# New Photo Size!



## LOAH (Sep 29, 2007)

Here's a quote from *Petersen*:


> I just bumped up the maximum width to 625 pixels. Any wider than that, and the forum would automatically cut off the photos since they would spill beyond the maximum size of the board that's coded right into the templates. Fixing that problem would require me replacing all the rotating photos at the top of the board and then recoding the templates. And I'm not all that eager to do that. :wink:


So now we can hotlink larger photos into our posts. Thanks, Petersen.


----------



## JAT83 (Sep 9, 2007)

Awesome, now I just need to get new batteries for my camera! :lol:


----------



## mjschijf (Oct 1, 2007)

Wow this is really nice! In the fishing report I posted a couple of days ago, it took me some time to resize all of my photos so they were small enough. Good work Petersen!


----------



## James (Oct 7, 2007)

Nice. Thank you.


----------



## Petersen (Sep 7, 2007)

I've had to cut back the size slightly to a maximum of 618 pixels wide. Without recoding the templates, the forum just won't stretch out wide enough to fit anything bigger than that.

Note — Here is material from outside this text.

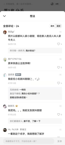 4、当你看到小说段落里的评论时,直接点击那条评论,就会弹出一个窗口,在这里你可以看到完整的评论内容,也可以发表自己的看法。

Anyway, like I've said in the announcement post at the top of this category, big photos really kill those accessing the site with a modem (26 percent of our traffic) or a lower-resolution monitors (11 percent of our traffic).


----------



## FROGGER (Oct 1, 2007)

Well, you have to to what you have to do, i think it a good size, i just need to remember to resize them first.. 

Thanks


----------



## ROOK1 (Nov 11, 2007)

FYI....

If you use http://www.imageshack.us to host pics on there is an option to resize. There is no need to create and account but if you do there is no charge for this service. The bad thing is there is really no way to organize you album. Overall a good place for hosting pics for forums.


----------